How Being a Good Sam Resulted in Torture and Abuse (aka "My eys! My eyes! ACK!)

So I see the lump of humanity lying on the lawn curled up next to the wheelchair in front of the savings and loan.

I note the lack of obvious movement.

I quickly think to myself: “No one ever stops. No one ever cares. I can’t just assume and leave this person, (possibly just a body) lying there ignored. I must go assist if I am able.”

I detour and backtrack into the adjoining parking lot and park. As I leap from my vehicle I faintly here the Mighty Mouse song. * “Here I come to save the daaaay!” *

I look down at the man. The sorrowful, pitiful, pathetic man. I quickly take in he scene and conclude that he is probably asleep, not dead. He is surrounded by a magazine and his glasses. He is filthy and drooling. His legs are both gone.

So are his pants. This would be the torture “ack my eyes” part, and I don’t refer to his stumps as much as his genitals, which are completely on view, in all their filthy glory. I confess it does not add to the spectacle for them to be in the same sightline as his naked stumps. The whole tableau of his lower body, dipped in human yuck, is just more than I planned on for a casual trip to the grocery store.

But I am here on a mission of mercy and I press on, now with a double mission…aid him if he needs it, and if not, provide aid to others by informing him that he is on display and sparing them at least part of this really unpleasant view. I assume it is unintentional, since he has a tiny tea towel draped over one hip.

“Sir? Sir? Are you alright?”

Mumbling and grumbling as he awakens.

“Sir, would you like me to call someone for you?”

“No, no, no, they couldn’t help me anyway. No one can help me.”

“Sir, you are exposed, you should cover up.”

More unintelligible grumbling, but he reaches for his tea towel and moves it an inch. This helps not at all. It is at this point that I look at his wheelchair and experience the piece de resistance: the puddle of urine in the middle of it. Neato. At this point I am SO glad this guy is alive and refusing assistance, because I really want to get the fuck away from him.

“Alright, sir. And you are still exposed.” and I walk away and get in my car.

As I start my engine, the guy snaps out of his stupor with a vengeance and starts screaming at me at the top of his lungs. His point was lost on me, but I gather he felt judged in some way, since all I caught were the words “EXPOSED FUCKING BITCH” before I took off.

This was definitely one of those times when I am very closely in touch with how good my life is and how happy I am to be living it.

Sad guy, sad life.

And I cannot scrub the image of him from my brain.

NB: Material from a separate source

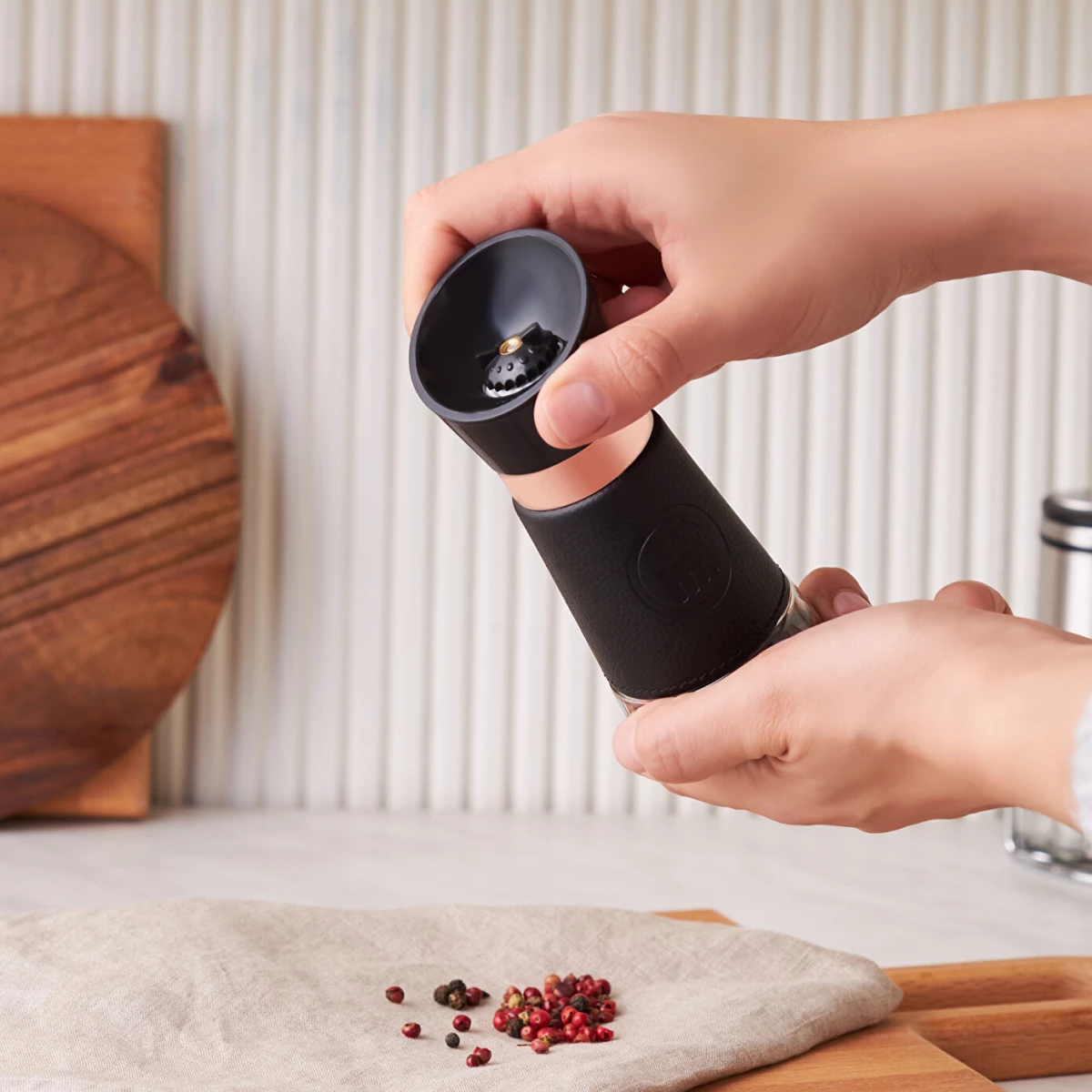 تقدّم كاراجا مطحنة توابل عملية وفاخرة تجمع بين الأداء الممتاز والتصميم العصري. بسطح خارجي أنيق من الجلد الأسود ومتانة عالية، تسمح لك هذه المطحنة بطحن التوابل والفلفل بسهولة لتحصيل نكهات طازجة تضيف لمسة مميزة لأطباقك في كل مرة.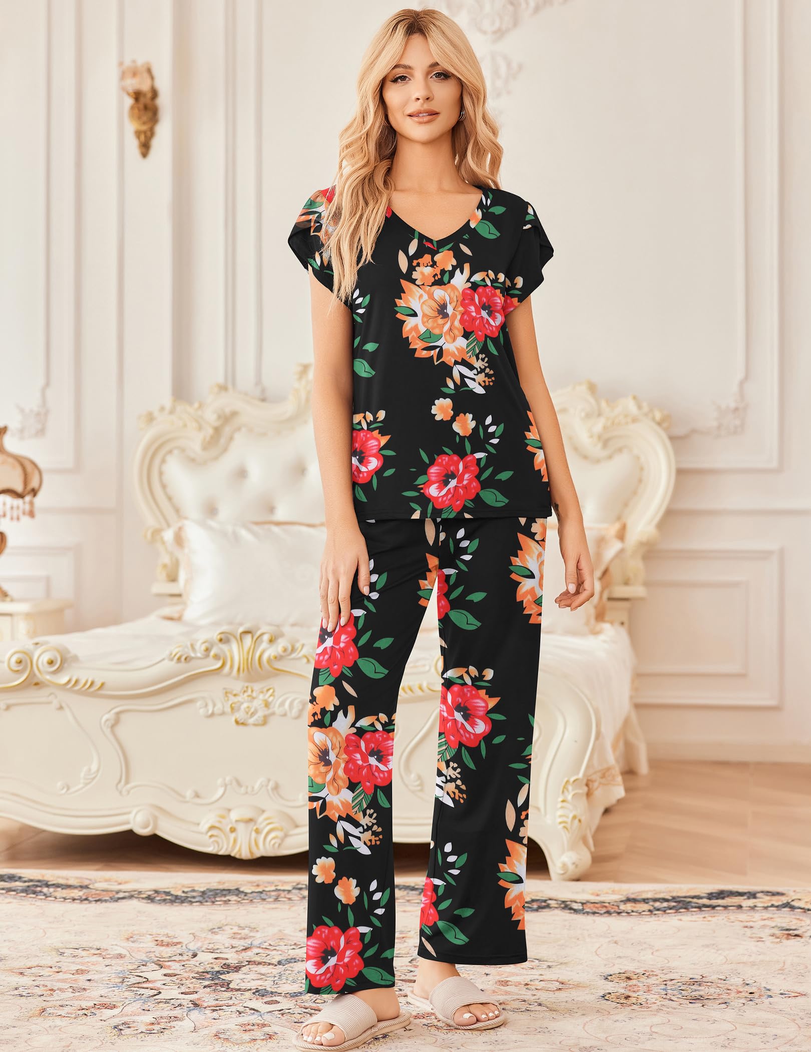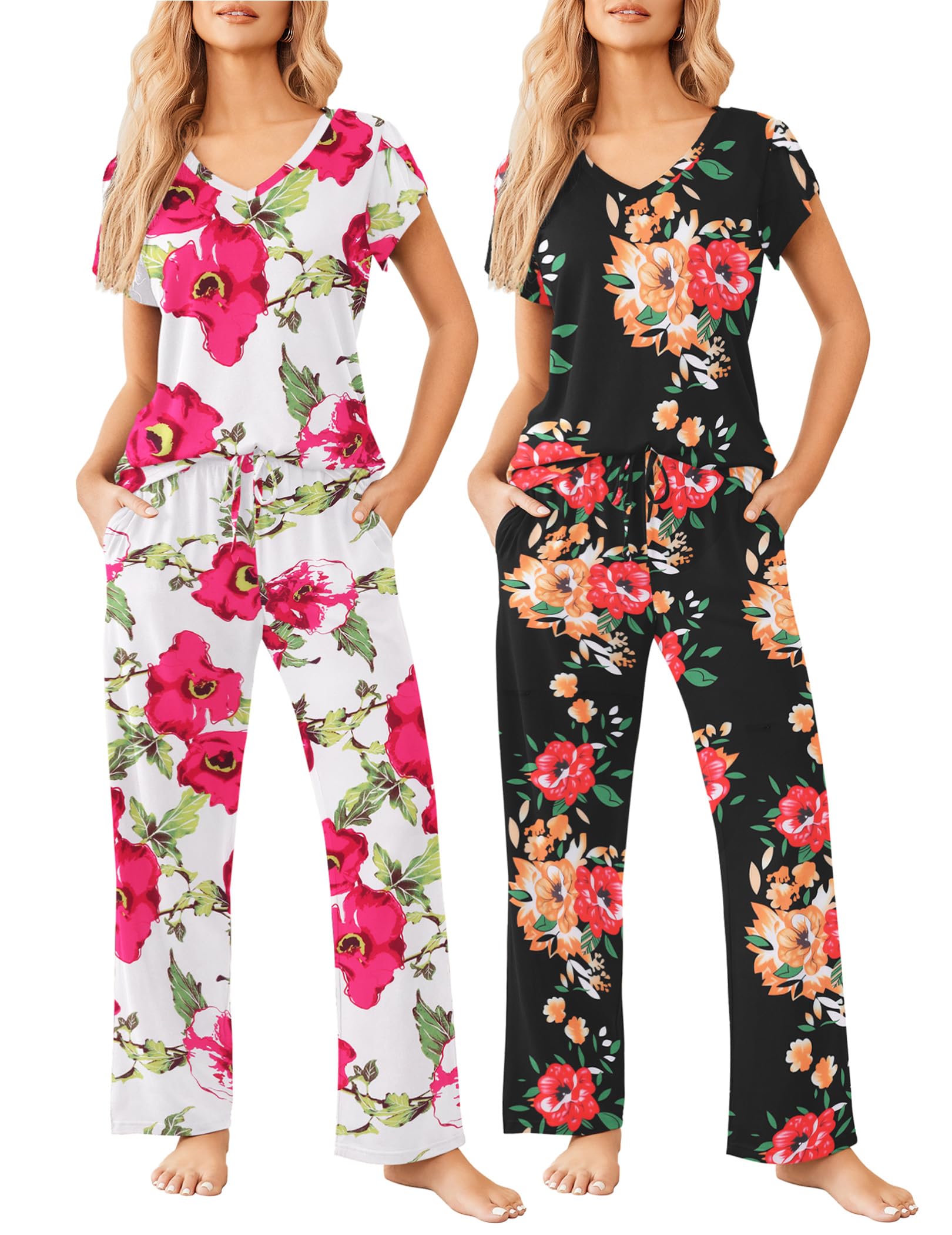 【Features】Ekouaer 2 Packs Pajama Sets features short sleeve,v neck pajamas tops with fashion petal sleeve,and elastic waistband,adjustable waist drawstring,2 side pockets pjs pants.Cute print,loose casual lounge sets,it is a must-have pajamas for your wardrobe.

Sometimes it’s tough to be a caring human being, ain’t it? Take courage in the fact that you tried–you won’t always succeed, but you can always try.

Well… maybe the next guy you help won’t call you a “fucking bitch”. Or maybe the guy after that. But I can guarantee that I know at least one guy who ain’t calling you that. I’ll give ya a hint. His name ends with “POOFE”. :smiley:

Everytime I see one of these wretched people, I think that at some point in the past, he or she was someone’s beautiful newborn baby. What the heck happens to someone to turn a sweet infant into a rotted, decayed drunk lying in his own filth?

Don’t forget naked…very naked. 100% unobstructed view of his bathing suit area.

And offhand, considering his age and the symmetry of his stumps, I’m guessing Vietnam happened.